The arguments can operate on different variables. E.g. to extract mature males caught in 2007 one would write:
filter(d, maturity == "mature", sex == "Male", year == 2007)
NOTE: A “comma” is recognized as “AND”. If one were to specify “OR” use the “|”:
filter(d, maturity == "mature" | sex == "Male" | year == 2007)

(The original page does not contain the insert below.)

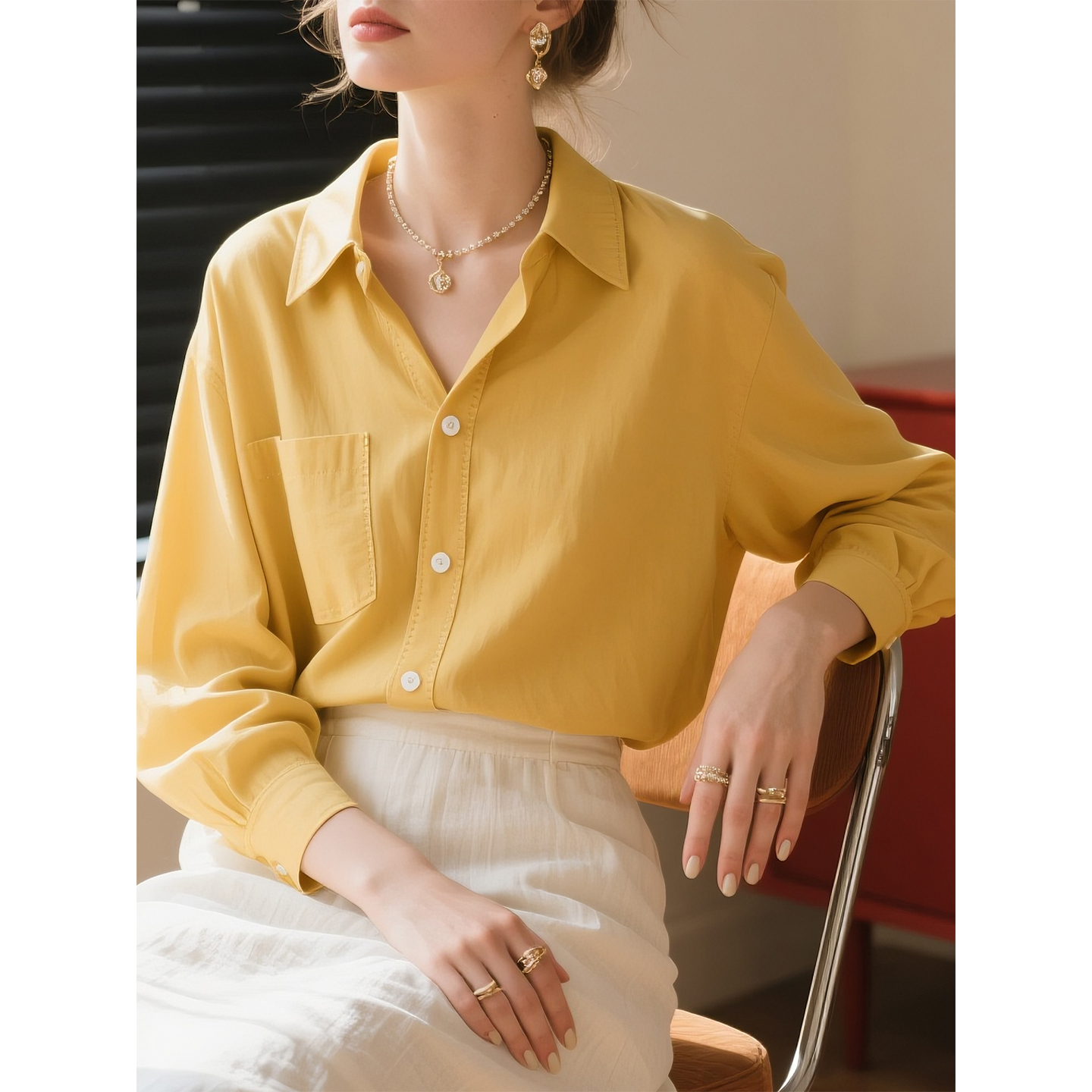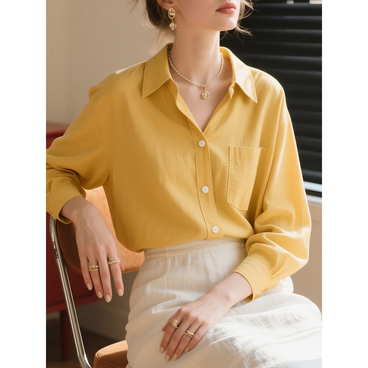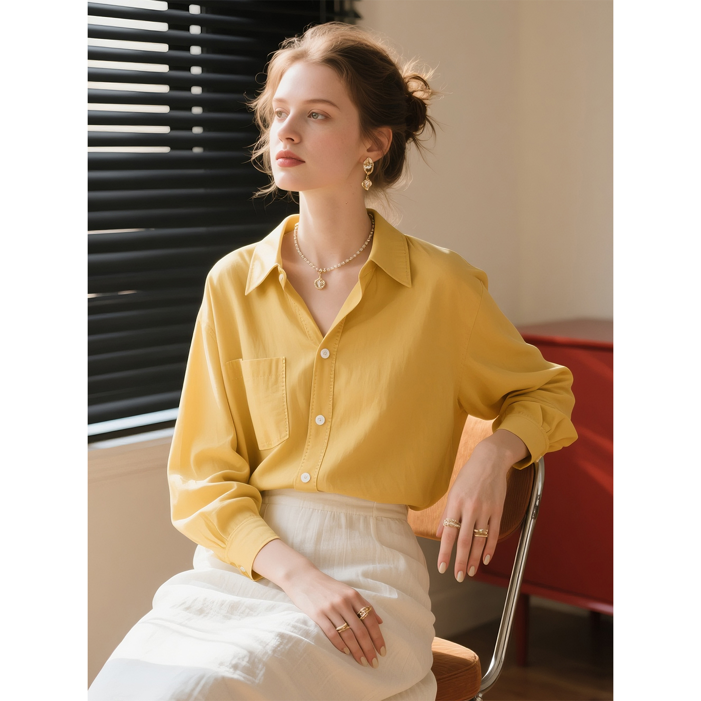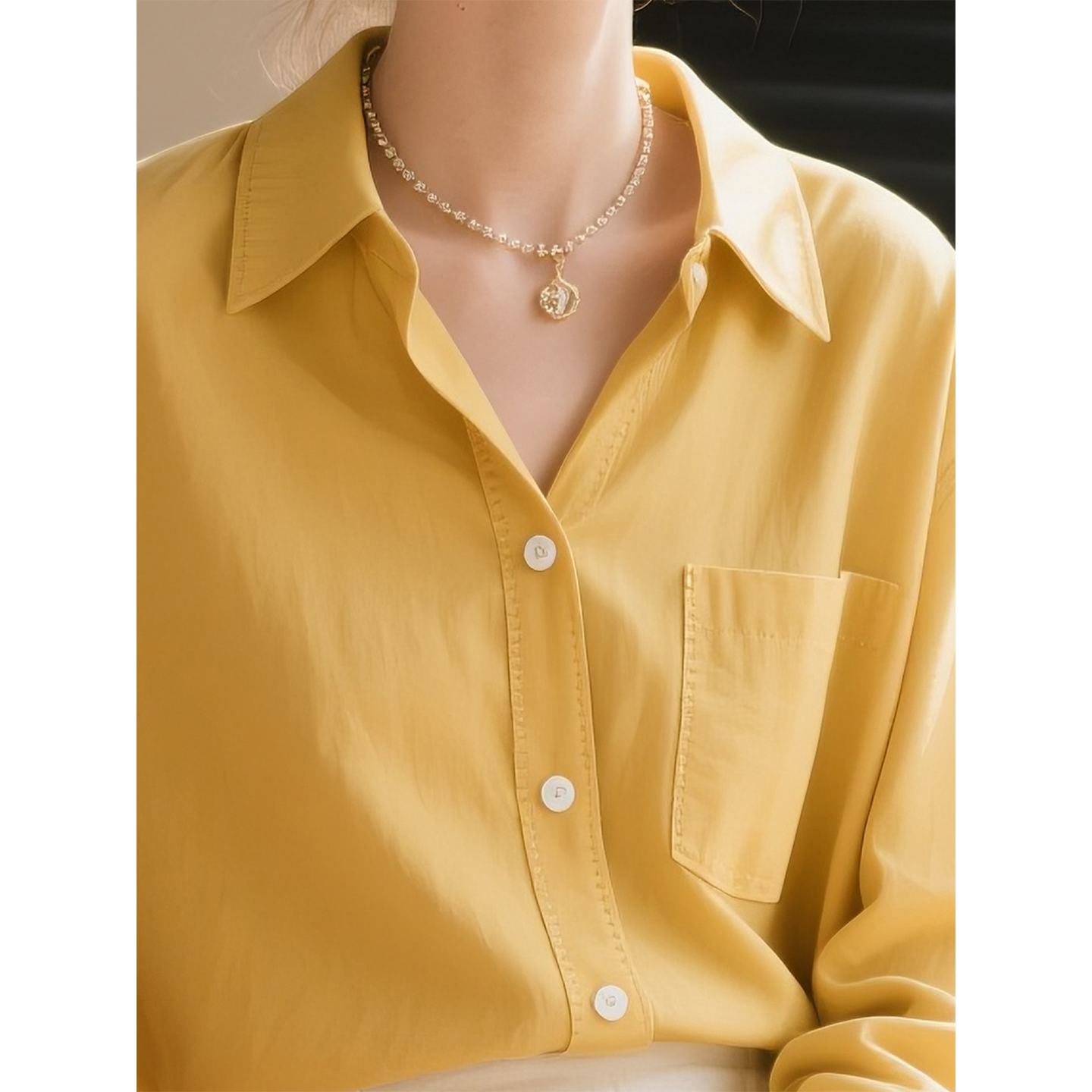 COCOBELLA重工压褶缎面优雅立领衬衫 两穿衬衣SR0045 女新中式

The select functions allows you to extract certain columns:
select(d, id, year, maturity)
## # A tibble: 190 × 3
## id year maturity
## <dbl> <dbl> <chr>
## 1 1 2004 pregnant
## 2 690 2004 pregnant
## 3 926 2004 pregnant
## 4 1333 2003 immature
## 5 1334 2003 immature
## 6 1335 2003 immature
## 7 1336 2003 pregnant
## 8 1338 2003 pregnant
## 9 1339 2003 pubertal
## 10 1341 2003 mature
## # … with 180 more rows
You can also omit certain columns using negative indexing: for
example you can select all columns except length
:
select(d, -length)
## # A tibble: 190 × 12
## id date lon lat area weight age sex maturity
## <dbl> <dttm> <dbl> <dbl> <chr> <dbl> <dbl> <chr> <chr>
## 1 1 2004-06-10 22:00:00 -21.4 65.7 North NA 11.3 Female pregnant
## 2 690 2004-06-15 17:00:00 -21.4 65.7 North NA NA Female pregnant
## 3 926 2004-06-22 01:00:00 -19.8 66.5 North NA 15.5 Female pregnant
## 4 1333 2003-09-30 16:00:00 -21.6 65.7 North NA 7.2 Male immature
## 5 1334 2003-09-25 15:00:00 -15.6 66.3 North NA 12.3 Female immature
## 6 1335 2003-09-16 16:00:00 -18.7 66.2 North NA 9.6 Female immature
## 7 1336 2003-09-12 17:00:00 -21.5 65.7 North NA 17.3 Female pregnant
## 8 1338 2003-09-09 12:00:00 -22.8 66.1 North NA 13.8 Female pregnant
## 9 1339 2003-08-31 13:00:00 -17.5 66.6 North NA 12.2 Male pubertal
## 10 1341 2003-08-30 17:00:00 -14.7 66.2 North NA 15.4 Male mature
## # … with 180 more rows, and 3 more variables: stomach.volume <dbl>,
## # stomach.weight <dbl>, year <dbl>
A combination of variables to drop could be written as:
select(d, -c(weight, maturity))
The select function has some useful helper function:
starts_with('stomach') # Finds all columns that start with "stomach"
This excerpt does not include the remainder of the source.